The information provided in this case was accurate and correct at the time of publication in 2020.

Any changes in terminology since the time of publication may not be reflected in this case.

Criteria for Diagnosis and Comments

Microscopic sections show a high-grade malignant tumor with chondrosarcomatous and osteosarcomatous differentiation, extensive necrosis, and marked nuclear pleomorphism. Clear-cut epithelial differentiation and/or an in situ epithelial component are not identified. Given the focal keratin positivity in conjunction with the patient’s history of a prior breast cancer, this tumor is consistent with a metaplastic breast carcinoma (MBC) with mesenchymal differentiation.

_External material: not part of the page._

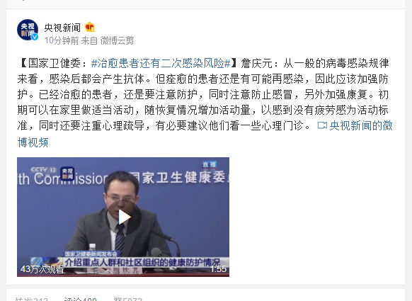 詹庆元:从一般的病毒感染规律来看,感染后都会产生抗体。但痊愈的患者还是有可能再感染,因此应该加强防护。已经治愈的患者,还是要注意防护,同时注意防止感冒,另外加强康复。初期可以在家里做适当活动,随恢复情况增加活动量,以感到没有疲劳感为活动标准,同时还要注重心理疏导,有必要建议他们看一些心理门诊。
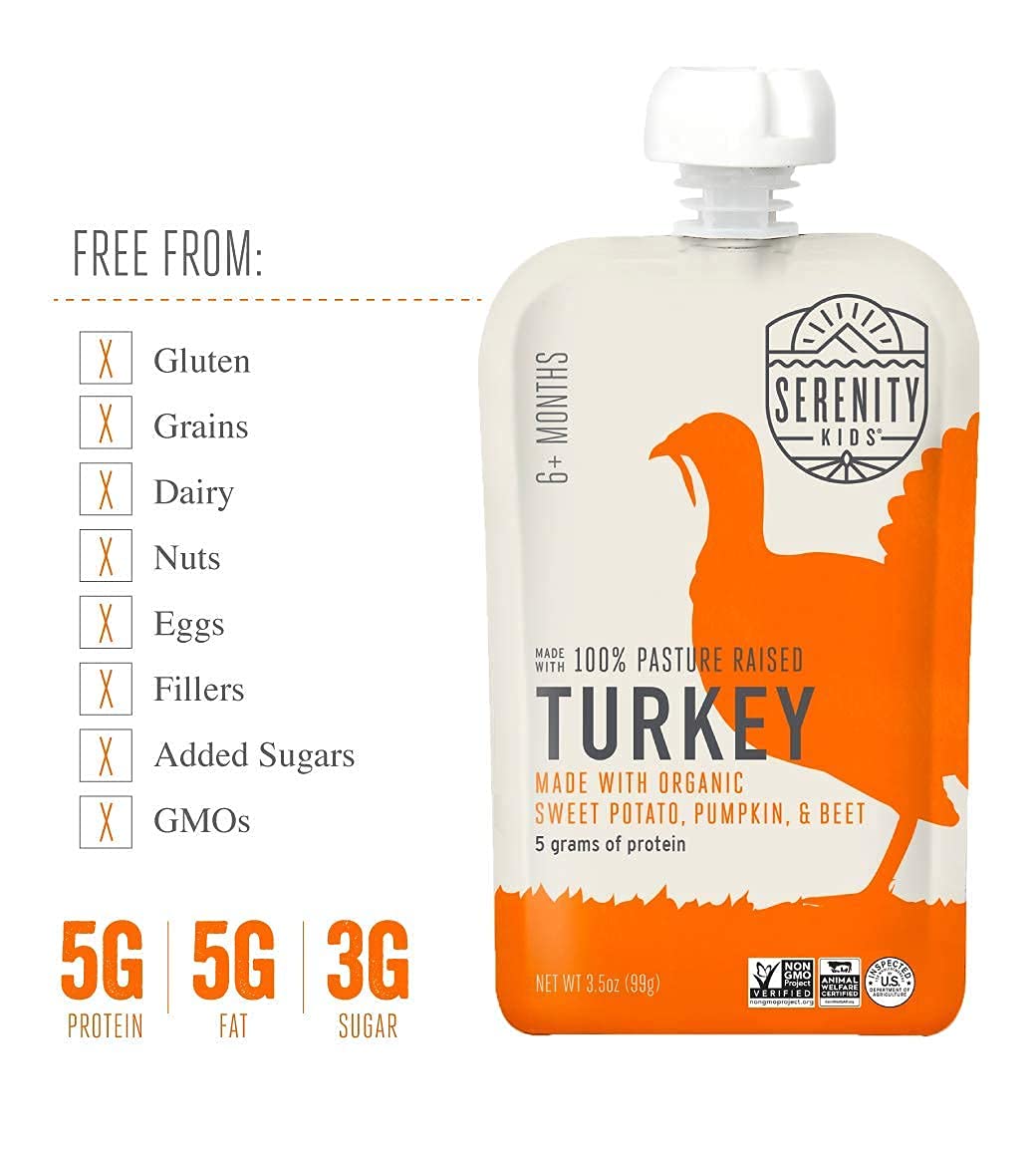 Serenity Kids 6+ Months Baby Food Pouches Puree Made With Ethically Sourced Meats & Organic Veggies | 3.5 Ounce BPA-Free Pouch | Meats + Herbs Variety Pack | 6 Count

MBC are rare, accounting for 0.2% to 5.0% of invasive breast cancers and primarily affecting women between the ages of 49 to 75. The category encompasses a group of breast cancers that are histologically diverse and can be challenging to diagnose. They are characterized by the presence of an epithelial component with squamous and/or mesenchymal differentiation. There is no consensus on the percentage of the metaplastic component required for the diagnosis of MBC.

The 2019 World Health Organization classification places these tumors into 5 groups based upon the morphology. If more than one pattern is found, as is frequently the case, the tumor is termed a mixed metaplastic carcinoma.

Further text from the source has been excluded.